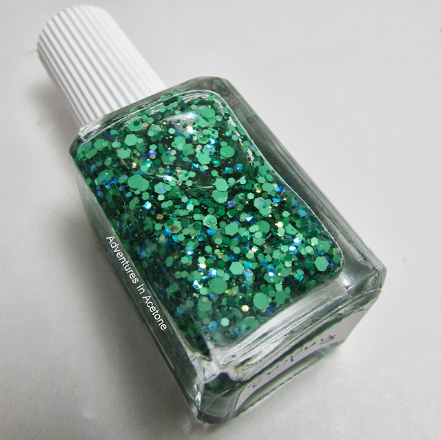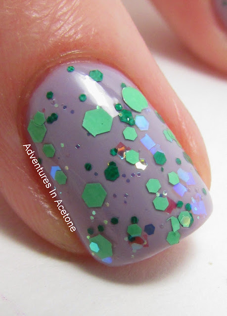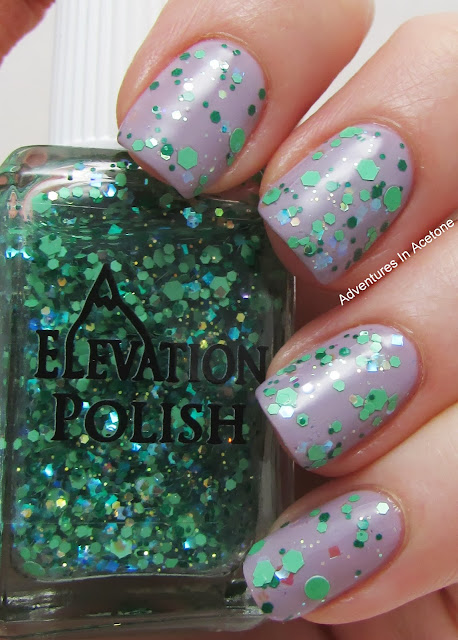 Next up is Finding Nemo. Is is a clear based glitter topper with iridescent glitters and green matte glitters in different shapes and sizes. I've paired it with Elevation Polish Tavan Bogd for a nice contrast of colors. I'm showing one easy coat with top coat below. The glitters came out of the bottle easily on the brush and spread nicely with no issues.
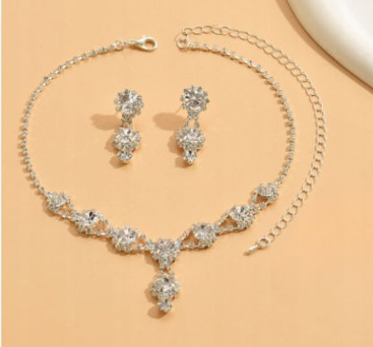Zestaw Biżuterii Kolczyki Naszyjnik Ślub Srebrny Cyrkonie Kryształy
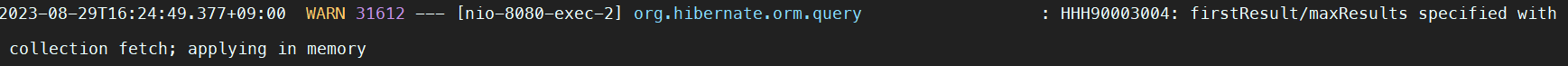 [WARN Log] HHH90003004: firstResult/maxResults specified with collection fetch; applying in memory 발생
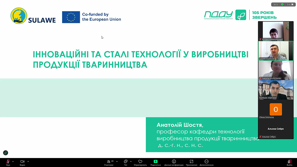 On 12 June 2025, as part of the Erasmus+ International Summer School ‘Sustainable Animal Production and Animal Welfare’, Anatoliy Shostya, Professor of the Department of Animal Production Technology at Poltava State Agrarian University, gave a lecture on ‘Innovative and sustainable technologies in animal production’.
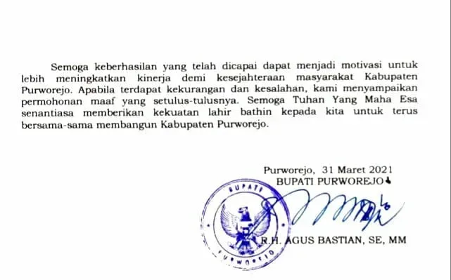 PURWOREJO, Pelita.co – Ringkasan Laporan Penyelenggaraan Pemerintahan Daerah (RLPPD) Kabupaten Purworejo Tahun 2021 dapat tersusun. Penyusunan RLPPD ini merupakan perwujudan tanggungjawab dalam penyelenggaraan pemerintah daerah untuk memberikan informasi atas penyelenggaraan pemerintah daerah Tahun 2021 kepada masyarakat.
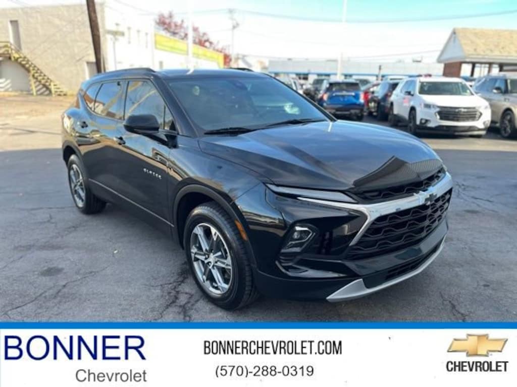 Bonner Chevrolet is proud to present you with another True Market Priced Pre-Owned Vehicle. This 2023 Chevrolet Blazer LT is loaded with the following Factory Options: Blazer LT, 4D Sport Utility, 2.0L Turbocharged, 9-Speed Automatic with Overdrive, AWD, Black, and Jet Black Cloth Convenience Package (Adaptive Cruise Control, Black Roof-Mounted Side Rails, Enhanced Automatic Emergency Braking, Heated Driver & Front Passenger Seats, Inside Rear-View Auto-Dimming Mirror, Rear Power Programmable Liftgate, Universal Home Remote, and Wireless Charging), Floor Liner Package (LPO) (1st & 2nd Row All-Weather Floor Liners (LPO) and Integrated Cargo Liner (LPO)), Preferred Equipment Group 2LT, Blazer LT, 4D Sport Utility, 2.0L Turbocharged, 9-Speed Automatic with Overdrive, AWD, Black, Jet Black Cloth, 170 Amp Alternator, 3.47 Final Drive Axle Ratio, 4-Way Manual Front Passenger Seat Adjuster, 4-Wheel Disc Brakes, 6 Speakers, 6-Speaker Audio System Feature, 8-Way Power Driver Seat Adjuster, ABS brakes, Air Conditioning, Alloy wheels, AM/FM radio: SiriusXM with 360L, Apple CarPlay/Android Auto, Auto High-beam Headlights, Automatic temperature control, Brake assist, Bumpers: body-color, Child-Seat-Sensing Airbag, Compass, Delay-off headlights, Driver door bin, Driver vanity mirror, Dual front impact airbags, Dual front side impact airbags, Electronic Stability Control, Emergency communication system: OnStar and Chevrolet connected services capable, Four wheel independent suspension, Front anti-roll bar, Front Bucket Seats, Front Center Armrest, Front dual zone A/C, Front reading lights, Fully automatic headlights, Heated door mirrors, Illuminated entry, Knee airbag, Leather Shift Knob, Low tire pressure warning, Occupant sensing airbag, Outside temperature display, Overhead airbag, Overhead console, Panic alarm, Passenger door bin, Passenger vanity mirror, Power door mirrors, Power Driver Lumbar Control, Power driver seat, Power steering, Power windows, Premium audio system: Chevrolet Infotainment 3 Plus, Premium Cloth Seat Trim, Radio data system, Radio: Chevrolet Infotainment 3 Plus System, Rear anti-roll bar, Rear reading lights, Rear seat center armrest, Rear window defroster, Rear window wiper, Remote keyless entry, Ride & Handling Suspension, Security system, SiriusXM w/360L, Speed control, Speed-sensing steering, Split folding rear seat, Spoiler, Steering wheel mounted audio controls, Tachometer, Telescoping steering wheel, Tilt steering wheel, Traction control, Trip computer, Variably intermittent wipers, Voltmeter, and Wheels: 18 Grazen Metallic Aluminum!!

____________

• _TASK BRIEF_
Copy each line of the material above exactly, but not the images.

• _THE COMPLETED TASK_
 Next up is Finding Nemo. Is is a clear based glitter topper with iridescent glitters and green matte glitters in different shapes and sizes. I've paired it with Elevation Polish Tavan Bogd for a nice contrast of colors. I'm showing one easy coat with top coat below. The glitters came out of the bottle easily on the brush and spread nicely with no issues.
Zestaw Biżuterii Kolczyki Naszyjnik Ślub Srebrny Cyrkonie Kryształy
 [WARN Log] HHH90003004: firstResult/maxResults specified with collection fetch; applying in memory 발생
 On 12 June 2025, as part of the Erasmus+ International Summer School ‘Sustainable Animal Production and Animal Welfare’, Anatoliy Shostya, Professor of the Department of Animal Production Technology at Poltava State Agrarian University, gave a lecture on ‘Innovative and sustainable technologies in animal production’.
 PURWOREJO, Pelita.co – Ringkasan Laporan Penyelenggaraan Pemerintahan Daerah (RLPPD) Kabupaten Purworejo Tahun 2021 dapat tersusun. Penyusunan RLPPD ini merupakan perwujudan tanggungjawab dalam penyelenggaraan pemerintah daerah untuk memberikan informasi atas penyelenggaraan pemerintah daerah Tahun 2021 kepada masyarakat.
 Bonner Chevrolet is proud to present you with another True Market Priced Pre-Owned Vehicle. This 2023 Chevrolet Blazer LT is loaded with the following Factory Options: Blazer LT, 4D Sport Utility, 2.0L Turbocharged, 9-Speed Automatic with Overdrive, AWD, Black, and Jet Black Cloth Convenience Package (Adaptive Cruise Control, Black Roof-Mounted Side Rails, Enhanced Automatic Emergency Braking, Heated Driver & Front Passenger Seats, Inside Rear-View Auto-Dimming Mirror, Rear Power Programmable Liftgate, Universal Home Remote, and Wireless Charging), Floor Liner Package (LPO) (1st & 2nd Row All-Weather Floor Liners (LPO) and Integrated Cargo Liner (LPO)), Preferred Equipment Group 2LT, Blazer LT, 4D Sport Utility, 2.0L Turbocharged, 9-Speed Automatic with Overdrive, AWD, Black, Jet Black Cloth, 170 Amp Alternator, 3.47 Final Drive Axle Ratio, 4-Way Manual Front Passenger Seat Adjuster, 4-Wheel Disc Brakes, 6 Speakers, 6-Speaker Audio System Feature, 8-Way Power Driver Seat Adjuster, ABS brakes, Air Conditioning, Alloy wheels, AM/FM radio: SiriusXM with 360L, Apple CarPlay/Android Auto, Auto High-beam Headlights, Automatic temperature control, Brake assist, Bumpers: body-color, Child-Seat-Sensing Airbag, Compass, Delay-off headlights, Driver door bin, Driver vanity mirror, Dual front impact airbags, Dual front side impact airbags, Electronic Stability Control, Emergency communication system: OnStar and Chevrolet connected services capable, Four wheel independent suspension, Front anti-roll bar, Front Bucket Seats, Front Center Armrest, Front dual zone A/C, Front reading lights, Fully automatic headlights, Heated door mirrors, Illuminated entry, Knee airbag, Leather Shift Knob, Low tire pressure warning, Occupant sensing airbag, Outside temperature display, Overhead airbag, Overhead console, Panic alarm, Passenger door bin, Passenger vanity mirror, Power door mirrors, Power Driver Lumbar Control, Power driver seat, Power steering, Power windows, Premium audio system: Chevrolet Infotainment 3 Plus, Premium Cloth Seat Trim, Radio data system, Radio: Chevrolet Infotainment 3 Plus System, Rear anti-roll bar, Rear reading lights, Rear seat center armrest, Rear window defroster, Rear window wiper, Remote keyless entry, Ride & Handling Suspension, Security system, SiriusXM w/360L, Speed control, Speed-sensing steering, Split folding rear seat, Spoiler, Steering wheel mounted audio controls, Tachometer, Telescoping steering wheel, Tilt steering wheel, Traction control, Trip computer, Variably intermittent wipers, Voltmeter, and Wheels: 18 Grazen Metallic Aluminum!!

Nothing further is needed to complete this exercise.